* _Problem details_:
Pictures are to be left out; every line from the one with "This jacket is" through the end of the data must be transcribed exactly.

* _Provided material_:
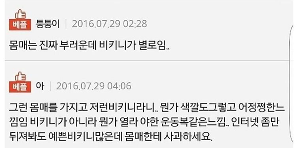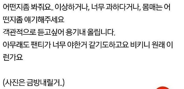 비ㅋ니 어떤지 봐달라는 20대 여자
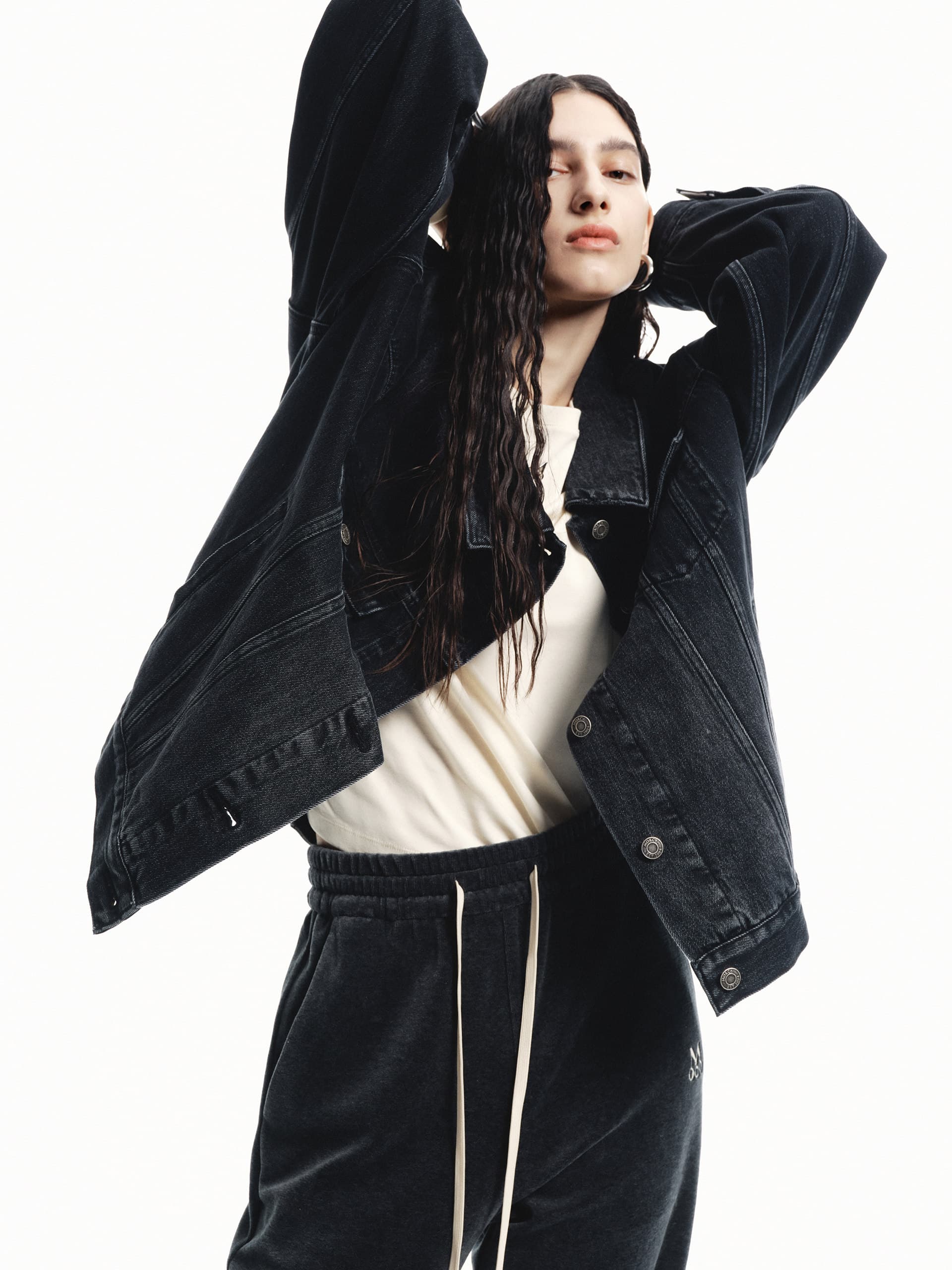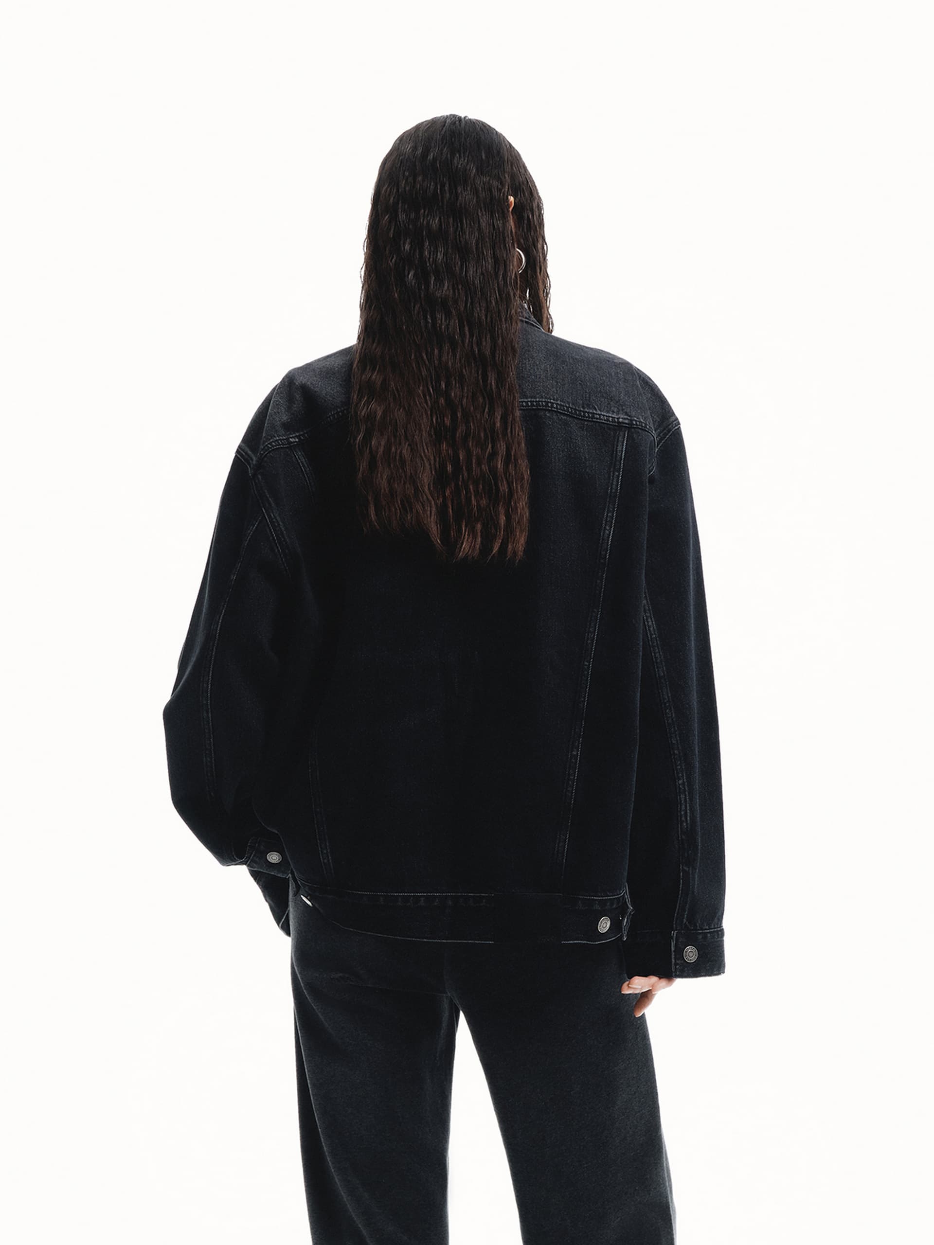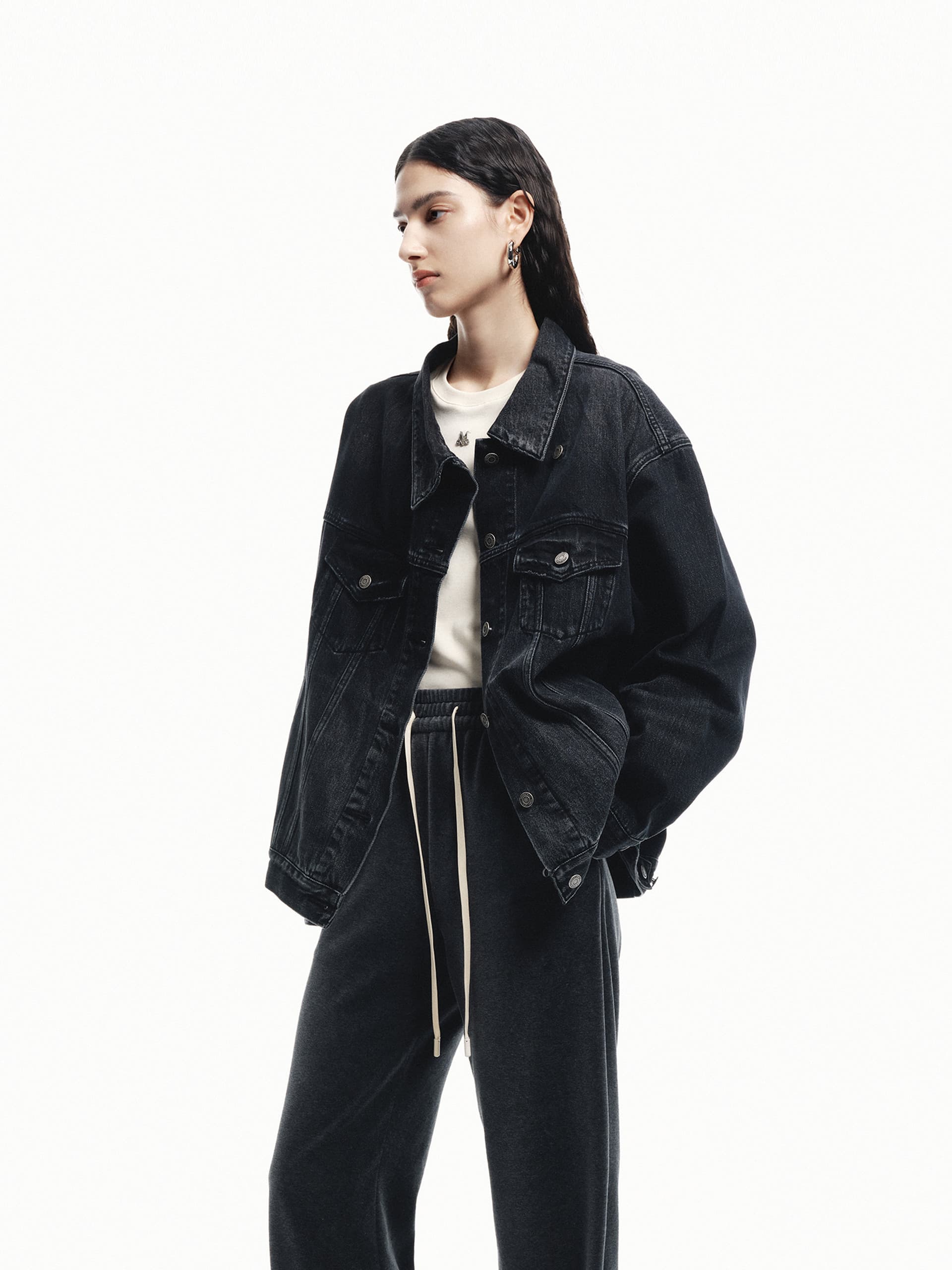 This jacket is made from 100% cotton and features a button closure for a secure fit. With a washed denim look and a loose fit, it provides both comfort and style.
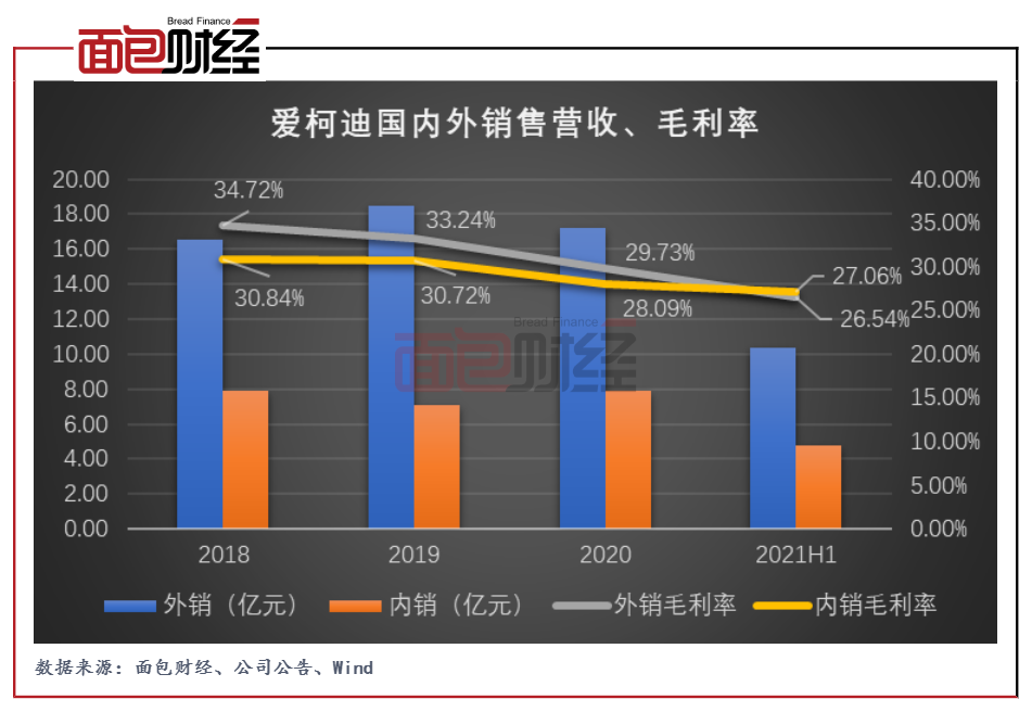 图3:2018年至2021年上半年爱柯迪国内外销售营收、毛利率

* _Task solution_:
 This jacket is made from 100% cotton and features a button closure for a secure fit. With a washed denim look and a loose fit, it provides both comfort and style.
 图3:2018年至2021年上半年爱柯迪国内外销售营收、毛利率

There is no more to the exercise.